Another is precedent is the American Civil War. As is well known Marx gave clear support to the North and such is the authority of Marx that this has subsequently gone unchallenged. But could not all the kind of arguments deployed against giving military support to the Allies have also been used to justify neutrality or equal condemnation of the Republic and the Confederacy. Lincoln and the Republican government were themselves deeply racist and opposed to black equality (true). Lincoln did not go to war to free the slaves but to preserve the Union in the interests of US capitalism (true). The whole of the US, not just the South, was built on slavery and complicit in it (true). The whole of the US, north and south, was built on the expropriation and extermination of the Native Americans and so on. Yet despite all these considerations Marx rightly took the view that essence of the conflict was over the continuation and possible extension of slavery and that therefore it was in the interests of the class that the south should be defeated.
Also of interest is the case of the Paris Commune. The Commune the first experiment in workers’ power grew out of the Franco-Prussian War in 1870–71. The war was initiated by the French Emperor, Louis Napoleon III, who fell into a trap laid for him by the Prussian Chancellor Bismarck and launched an attack on Prussia. All genuine socialists denounced this reactionary imperialist adventure. But when Napoleon III was defeated the Prussian army went on to occupy large parts of France and lay siege to Paris inflicting extreme hardship on the people. This was opposed by socialists in Germany.
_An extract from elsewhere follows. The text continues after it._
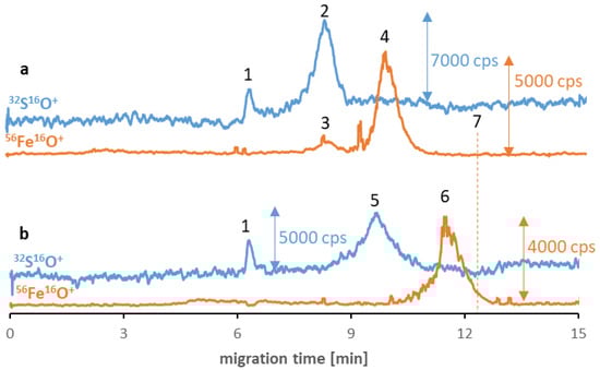 CE-ICP-MS/MS electropherograms’ MS/MS signals 32S16O+ and 56Fe16O+ of a mixture of Fe3O4@Citr (10–20 μg Fe/mL) and transferrin (a) and albumin (b), 1 mg/mL each, diluted in 10 mM phosphate buffer, pH 7.4, and 100 mM NaCl, and incubated at 37 °C for 6 h. Signal assignment: blank sulfur signal (1), transferrin (2), Fe from the transferrin (3), Fe3O4@Citr (4 and 6), albumin (5), Fe3O4@Citr analyzed individually (7); separation under optimized conditions (see Table 1 and Table 2).

Then the event that sparked the rising was the attempt by the French government, at the behest of the German occupiers, to disarm the Parisian people by removing the guns of the National Guard from Montmartre. In this way an imperialist war turned through intermediate stages into its opposite a workers’ revolution.
How much of this argument Donny Gluckstein would agree with I don’t know. On the basis of his book my guess is that he agrees with some of it, if not my doubts about his concept of two ‘parallel wars’. However, I tend to think that if Gluckstein had clearly formulated the need to take sides in the war, he would not have needed the ‘parallel people’s war’ idea and could instead have treated the Second World War as a single whole with many intersecting and conflicting wars and class struggles.
Be that as it may, Gluckstein’s book is both interesting and highly thought provoking a must read for socialists and Marxists engaged with the momentous history of the twentieth century. I strongly recommend it.
1. Gluckstein, pp. 163–5.
2. ibid., pp. 195.
3. ibid., pp. 50–52.
4. ibid., pp. 187–92.
5. quoted ibid., p. 134.
6. ibid., pp. 56–7.
7. ibid., pp. 4–5.
8. ibid., p. 12.
9. ibid., p. 208.
10. Manifesto of the Fourth International on Imperialist War and the Proletarian World Revolution, http://www.marxists.org/history/etol/document/fi/1938-1949/emergconf/fi-emerg02.htm.
11. Ernest Mandel, Trotskyists and the Resistance in World War Two, http://www.marxists.org/archive/mandel/1976/xx/trots-ww2.htm.
12. In this context it is worth saying that I do not think that in neutral countries such as Ireland or in South America, socialists should have called for joining in the War.